NJ Division on Civil Rights
Adapted and reprinted with permission from Right to Be, https://righttobe.org/guides/bystander-intervention-training.
The findings and strategies that follow are from the Brookings Institution study, “Bystander Intervention on Social Media” (https://bit.ly/Intervention_Social_Media).
1. SPEAK OUT WHEN POSSIBLE
- Of the over two million social media posts involving bias that were analyzed, about 17 percent of the Twitter conversations and less than 40 percent of the Reddit discussions included bystander behavior.
- The researchers noted: “Silence and inaction do nothing but cause biased perpetrator behaviors to proliferate as [the perpetrators] feel unquestioned.”
2. ACT IN RESPONSE TO EXTREME EXPRESSIONS OF BIAS AND HATE
- Report the incident immediately to the platform/content provider and/or the appropriate authorities.
- Take a screen shot of the objectionable content for evidence.
- Block, filter, or remove the content if possible.

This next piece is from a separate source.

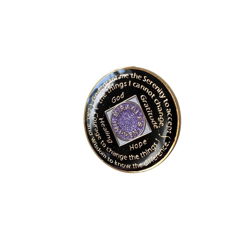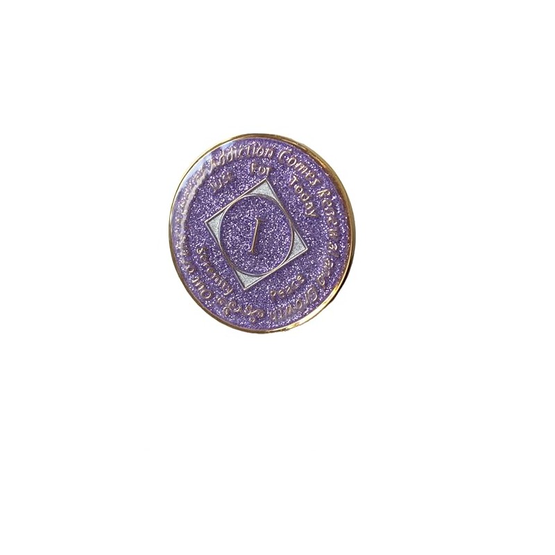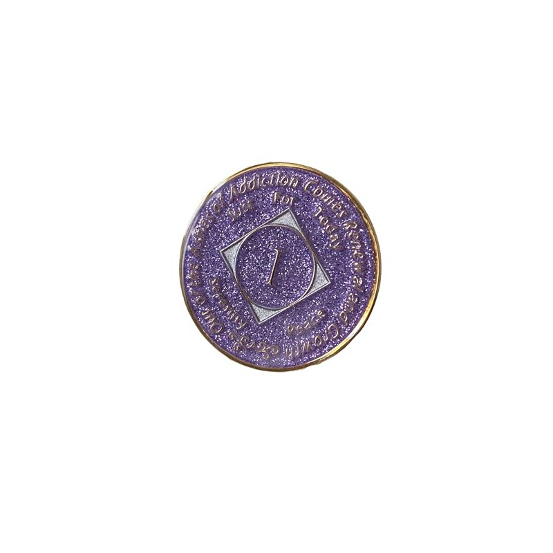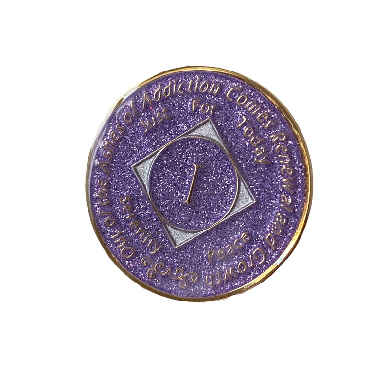 1 Year NA Clean Time Chip Glossy Purple Lavender Glitter Gold Tri-Plate Medallion

- Always refuse to share the content with others.
3. USE PROSOCIAL METHODS TO ADDRESS BIAS
- Online, people generally use four types of bystander intervention strategies:
– Call-outs (directly naming the offending user as racist or ignorant)
– Insults or mocking
– Attempts to educate or provide evidence
– Content moderation (such as blocking, filtering, and removing content)
- The prosocial methods (“attempts to educate or provide evidence” and “content moderation”) were found to be most effective. The antisocial methods (“call-outs” and “insults or mocking”) failed to minimize hostility amongst users. This research tells us that we should refrain from negative responses and focus on positive, educational responses, if we respond at all.
- The researchers concluded: “When bystanders step in and help to make aggressions visible, disarm the situation, educate the perpetrator, and seek external reinforcement or support, these approaches provide crucial support in preventing some of the most detrimental effects [of online bias and hate].”